To promote transparent electoral processes in Africa by providing an independent, accessible, interactive, ubiquitous platform for observing elections by promoting citizen participation in observation of elections leveraging social media, preparation of analyses of election results to detect discrepancies, voter education to ensure voters are aware of their rights and voting procedures, accredited observation of elections, conduct of opinion polls and preparations of SWOT Analyses of candidates
Tuesday, 1 April 2014
INEC Hopeful on Diaspora Voting
The Independent National Electoral Commission (INEC) will not relent in its aspiration to make Nigeria’s electoral system more inclusive by accommodating citizens in the diaspora, the Chairman, Professor Attahiru Jega, has said.
He gave the assurance when he accepted an invitation to INEC by the Embassy of the Republic of Indonesia to observe voting by Indonesians in Nigeria, as part of the Asian country’s parliamentary elections.
Diaspora voting by Indonesians in Nigeria will hold on Saturday, April 5th, in Lagos and Sunday, April 6th, in Abuja, at the country’s consular offices. The voting will be conducted as part of the parliamentary elections in mainland Indonesia scheduled for April 9th, 2014.
The Ambassador of the Republic of Indonesia, H. E. Sudirman Haseng, extended the invitation to INEC when he paid a courtesy visit to Professor Jega in Abuja on Tuesday, April 1st.
Indonesia has a total population of about 240 million, out of which 180 million are eligible voters. According to the envoy, the diaspora voting is applicable only to the Jakarta constituency in the parliamentary election. He added that besides the parliamentary election, Indonesians will go to the poll for presidential election on July 7th.
In his response, Professor Jega thanked the Ambassador for inviting INEC to observe the diaspora voting; noting that Nigeria has a lot to learn from Indonesia’s electoral experience.
He said: “In Nigeria, we are doing our best to open up our system for citizens in the diaspora to be able to vote. Unfortunately, there are presently legal inhibitions, because our laws prohibit diaspora voting. This is not directly so; but there is a provision in our laws that requires every eligible person to cast their ballot at the polling unit where they have registered as a voter. The implication is that for people in the diaspora to participate in our elections, they will have to come home to register as voters, and subsequently cast their votes at the polling units where they registered.
“But we have make recommendations to the National Assembly for an amendment of that provision so as to allow people in the diaspora to vote; and we are hopeful that our recommendation will be taken on board.

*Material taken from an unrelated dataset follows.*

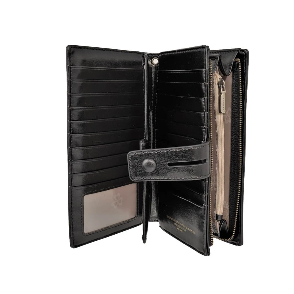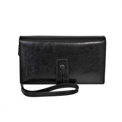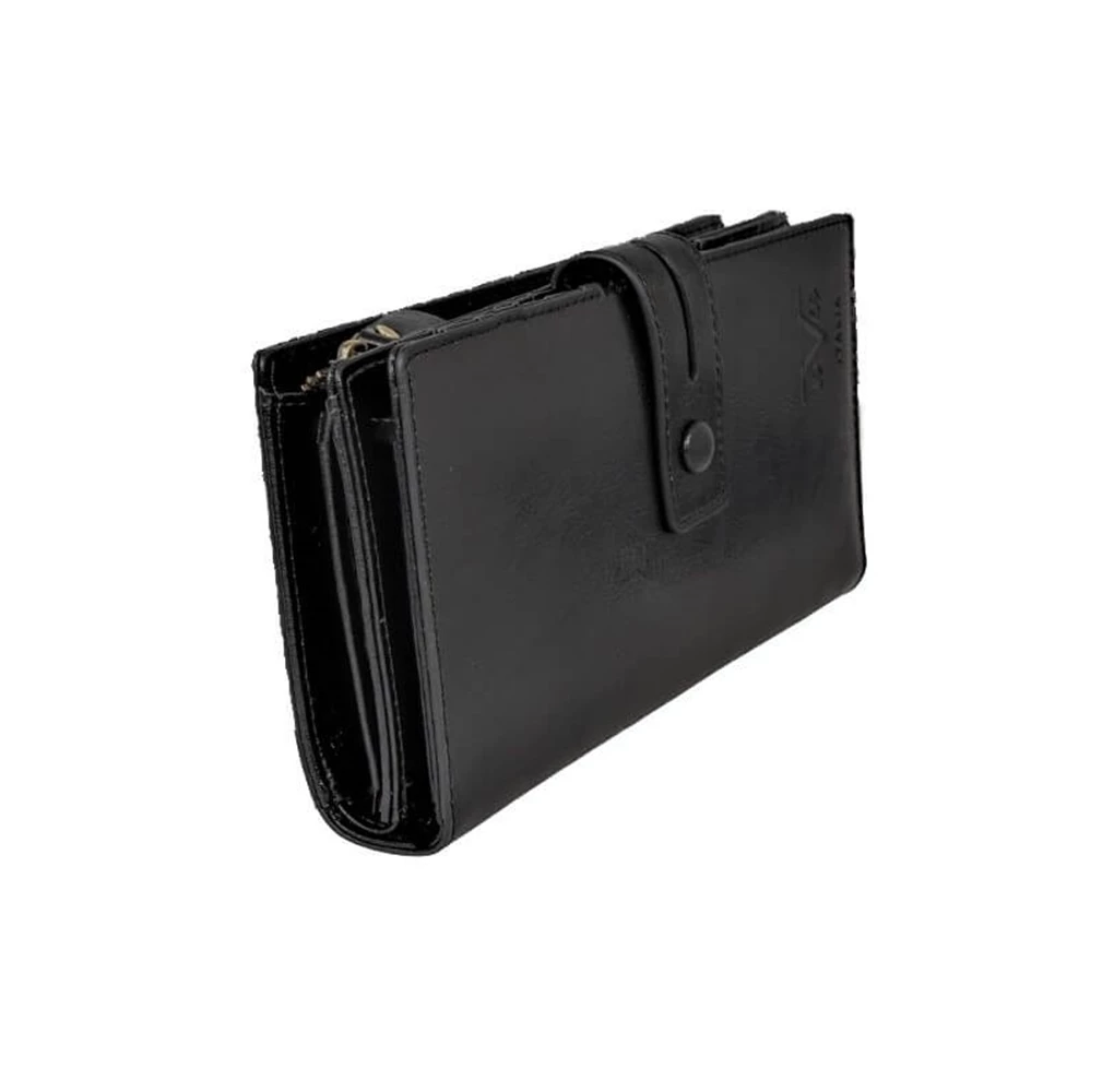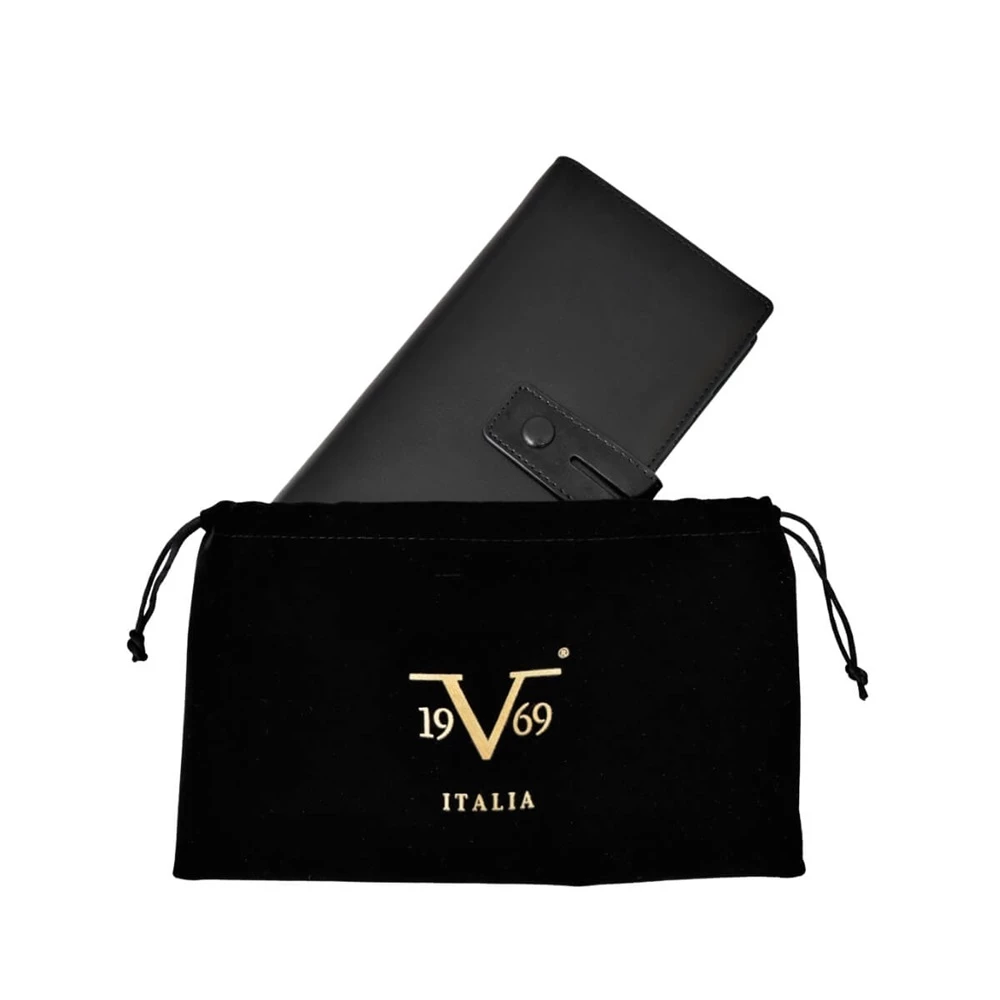 Γυναικείο δερμάτινο πορτοφόλι της εταιρίας 19V69 ITALIA σε μαύρο χρώμα. Κατασκευασμένο από δέρμα μεγάλης αντοχής για καθημερινή χρήση. Διαθέτει δύο ξεχωριστούς χώρους με πολλαπλές θήκες για κάρτες, έγγραφα και στιλό, μία τσέπη με φερμουάρ για τα κέρματα και θήκες για χαρτονομίσματα και ταυτότητα. Αποσπώμενη χειρολαβή. Κλείνει με φερμουάρ και κουμπάκι. Παραδίδεται σε πολυτελή βελούδινη μαύρη θήκη 19V69 ITALIA.

It is good to know that Indonesia does it, because we are looking out for the best model that can be adapted to our country when the time comes.”
The INEC Chairman added that conducting elections in a country like Nigeria is quite challenging; but he restated the Commission’s confidence that, given on-going preparations, the 2015 general elections will be much better than 2011 and will comply with global best standards.